体験先の「あいあいファーム わ・は・わ田尻」は一般での就労が困難な障害者に対し、自立した日常生活、社会生活が営めるよう、生産活動などの活動の機会を提供している事業所です。
体験では、まずその事業所に通っている利用者が行う牛や豚の世話を一緒に行いました。その後、支援員として利用者のサポート業務を行う内容でした。
― 体験をしてみて良かった点や難しかった点はありますか?
作業については、最初はできなかったことも、少しずつ慣れていくにつれ、最終日にはスムーズにできるようになりました。例えば、豚のえさづくりでは、日によって原料の配合が異なり、その割合をホワイトボードに記入するのですが、最初は数字がいろいろあって混乱しました。しかし、回数を重ねるうちにスムーズにできるようになり、改めて毎日の積み重ねが大切だと実感しました。
コミュニケーションについては、職員の方とはうまくできたと思います。意識して顔を見てコミュニケーションをとるということも、最終日には意識せず、自然にできるようになりました。
ただ、利用者とのコミュニケーションが難しかったです。利用者のみなさんは常に自然体で明るく、賑やかな雰囲気で作業をしているのですが、その中に入っていけない自分に歯がゆさを感じました。そのことが気になり、体験2日目が終了した時点で、これ以上体験を続けることが難しいかも、と思い悩んでしまいました。このことを就労支援員の方に相談した結果、作業時間帯を変更してもらうなど体験先の事業所の方に協力してもらい、なんとか5日間の体験を終えることができました。一度あきらめかけたことを最後までやり遂げたことは良かったのですが、コミュニケーションの課題は残りました。
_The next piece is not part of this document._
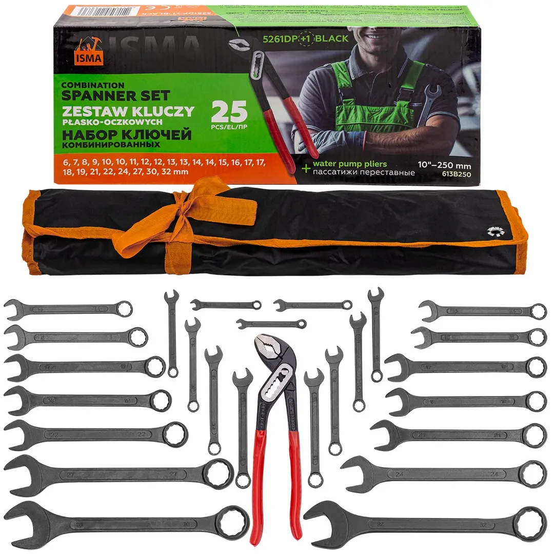 Набор комбинированных ключей 6-32 мм, пассатижи 250 мм, 26 пр ISMA ISMA-5261DP+1 BLACK
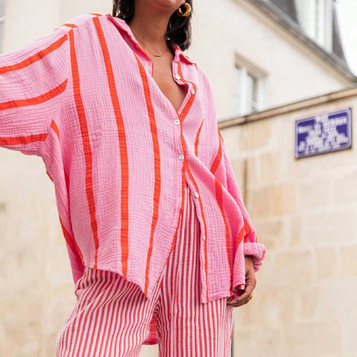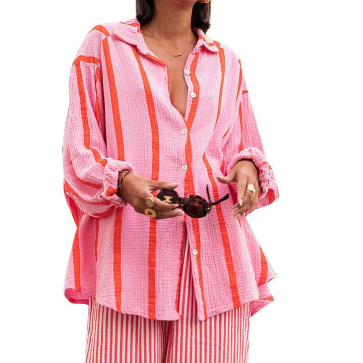 Looking at the picture, custom striped long-sleeved shirts, autumn loose shirts, cardigans, women's clothing, labor and materials, small batch proc...

― コミュニケーションの課題については、今後どうすれば改善、克服できそうですか。
以前から周りの人に「固い」と言われることがありました。今回の体験を通じ、やはりそうかも、と思いました。普段からもっと人と会話をする機会を増やし、気軽に話をすることに慣れていく必要があると思います。
― 今回の就業体験を今後の求職活動にどう活かしていきたいですか。
屋外での作業は初めてでしたが、開放的で気持ち良かったです。体を動かす作業も楽しく、今回の作業程度であれば体力的にも問題がないことがわかりました。また、豚や牛とのふれあいも初めてで新鮮でした。今後の仕事探しにおいては、体を動かす仕事や、畜産系の仕事もみてみようと思います。
【担当支援員から一言】
屋外の作業が多く、暑かったり雨だったりと天候が不安定な中、集中力を切らさず、真剣に取り組む様子がみられました。コミュニケーションについてはもともと苦手意識が強く、今回も壁にぶつかり思い悩むこともありましたが、就労支援員に相談することで、5日間の体験を無事終えることができました。困ったことや不安がある時は一人で抱えず、周りの力を借り、お互いに協力していくことの大切さを学ぶことができたと思います。